I have a csv that I am reading into a Pandas DataFrame but it takes about 35 minutes to read. The csv is approximately 120 GB. I found a module called cudf that allows a GPU DataFrame however it is only for Linux. Is there something similar for Windows?

chunk_list = []
combined_array = pd.DataFrame()
for chunk in tqdm(pd.read_csv('\\large_array.csv', header = None, 
        low_memory = False, error_bad_lines = False, chunksize = 10000)):
    print(' --- Complete')
    chunk_list.append(chunk)
array = pd.concat(chunk_list)
print(array)
rzaratx
  • 756
  • 3
  • 9
  • 29
  • 1
    You should consider an alternative serialization format, csv is not really designed for performance. What is the nature of your data? – juanpa.arrivillaga Nov 13 '19 at 00:05
  • 1
    as @juanpa.arrivillaga mentioned you should save your date in a `.hd5` file. It will be way faster to then load it into a dataframe. – Teddy Nov 13 '19 at 00:12
  • My data consists of 10's of thousands of 1 line arrays. – rzaratx Nov 13 '19 at 01:09
  • I've been trying to save as `.h5` but the code keeps telling me that there is no module named `tables` even though I pip installed it. – rzaratx Nov 13 '19 at 01:11
  • @RicardoZaragoza what does that mean? 1 line arrays? CSV is *text*, what exactly do you mean by arrays? Also, if you are trying to use hd5, show the code that is failing. Did you try using `pandas.DataFrame.to_hdf`? – juanpa.arrivillaga Nov 13 '19 at 01:17
  • They are just numbers separated by commas. I've been trying to use `array.to_hdf('large_array.h5', key='df', mode='w')`. I have checked the pytables.org prerequisites and installed everything it recommeded. – rzaratx Nov 13 '19 at 01:27
  • I `import tables` at the beginning of my code but i get the error `ModuleNotFoundError: No module named 'tables'` – rzaratx Nov 13 '19 at 01:32
  • This sounds like an entirely different problem, but anyway, likely the speedup from hdf will be significant. However, do you actually need a pandas dataframe? or can you just use a `numpy.ndarray`, because then you could just save it using the native numpy serialization format which would be quite fast as well. – juanpa.arrivillaga Nov 13 '19 at 01:35
  • I figured it out. I `import h5py` and save using `array = h5py.File('large_array.h5', mode='w')`. I'll see if that improves loading time. – rzaratx Nov 13 '19 at 01:46
  • read it via python datatable and convert to pandas frame – jangorecki Nov 14 '19 at 04:16
  • Does this answer your question? [Fastest way to parse large CSV files in Pandas](https://stackoverflow.com/questions/25508510/fastest-way-to-parse-large-csv-files-in-pandas) – Michael Delgado Sep 12 '21 at 18:08

2 Answers2

1

You can also look at dask-dataframe if you really want to read it into a pandas api like dataframe.

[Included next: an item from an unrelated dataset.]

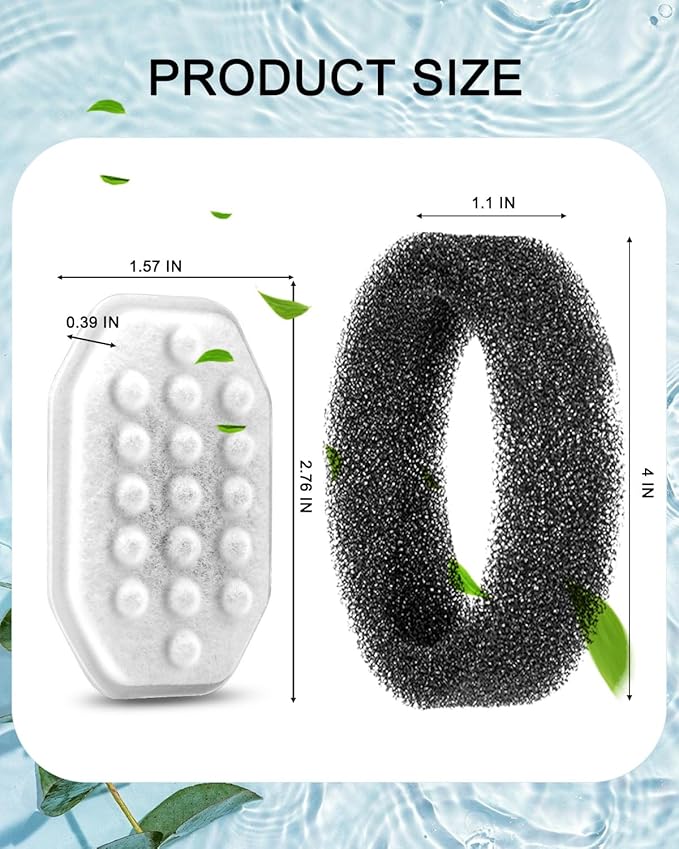 8 Pack Cat Water Fountain Filters with 8 Pack Pre-Filter Sponges Set for 3.2L/108oz Pet Cat Water Fountain, Pet Fountain Filter Replacement -

For reading csvs , this will parallelize your io task across multiple cores plus nodes. This will probably alleviate memory pressures by scaling across nodes as with 120 GB csv you will probably be memory bound too.

Another good alternative might be using arrow.

Vibhu Jawa
  • 88
  • 9
1

Do you have GPU ? if yes, please look at BlazingSQL, the GPU SQL engine in a Python package.

In this article, describe Querying a Terabyte with BlazingSQL. And BlazingSQL support read from CSV.

After you get GPU dataframe convert to Pandas dataframe with

# from cuDF DataFrame to pandas DataFrame
df = gdf.to_pandas()
Pamungkas Jayuda
  • 1,194
  • 2
  • 13
  • 31